_Available data_
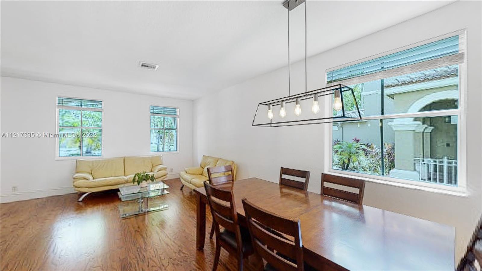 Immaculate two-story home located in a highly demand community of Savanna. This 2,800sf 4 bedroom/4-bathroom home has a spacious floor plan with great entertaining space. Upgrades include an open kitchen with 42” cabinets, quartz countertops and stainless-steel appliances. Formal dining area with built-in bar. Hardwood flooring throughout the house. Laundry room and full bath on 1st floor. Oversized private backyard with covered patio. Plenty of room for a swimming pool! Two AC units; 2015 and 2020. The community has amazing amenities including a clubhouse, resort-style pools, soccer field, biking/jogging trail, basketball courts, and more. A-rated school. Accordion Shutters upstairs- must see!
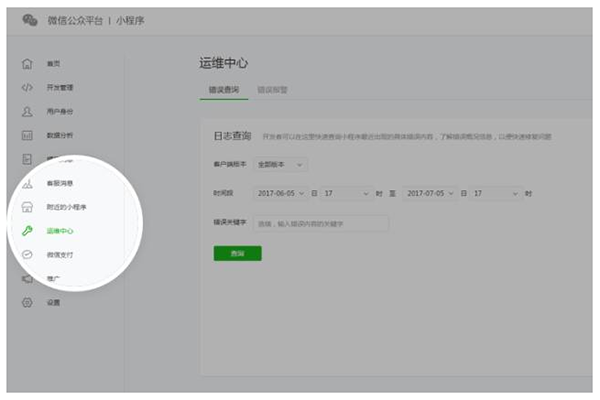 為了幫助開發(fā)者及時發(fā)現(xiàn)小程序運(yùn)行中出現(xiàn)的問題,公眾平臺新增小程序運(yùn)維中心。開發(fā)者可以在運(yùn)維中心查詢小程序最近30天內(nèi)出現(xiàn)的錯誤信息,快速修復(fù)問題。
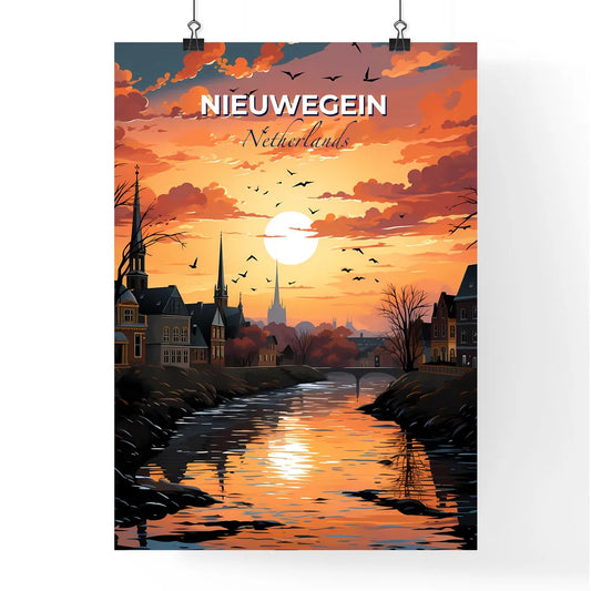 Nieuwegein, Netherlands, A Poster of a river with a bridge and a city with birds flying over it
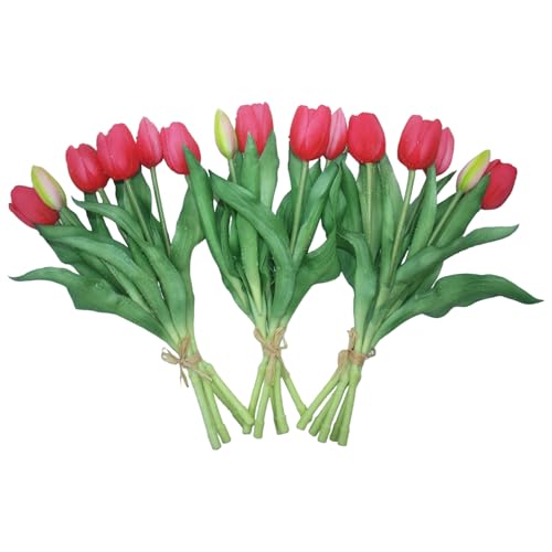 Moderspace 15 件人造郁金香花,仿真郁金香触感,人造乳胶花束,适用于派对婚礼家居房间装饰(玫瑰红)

_Assigned task_
Skip every picture and retype only the lines from the line with "為了幫助開發(fā)者及時發" through the last line of the listing, both ends included, exactly as they appear.

_Answer to this problem_
 為了幫助開發(fā)者及時發(fā)現(xiàn)小程序運(yùn)行中出現(xiàn)的問題,公眾平臺新增小程序運(yùn)維中心。開發(fā)者可以在運(yùn)維中心查詢小程序最近30天內(nèi)出現(xiàn)的錯誤信息,快速修復(fù)問題。
 Nieuwegein, Netherlands, A Poster of a river with a bridge and a city with birds flying over it
 Moderspace 15 件人造郁金香花,仿真郁金香触感,人造乳胶花束,适用于派对婚礼家居房间装饰(玫瑰红)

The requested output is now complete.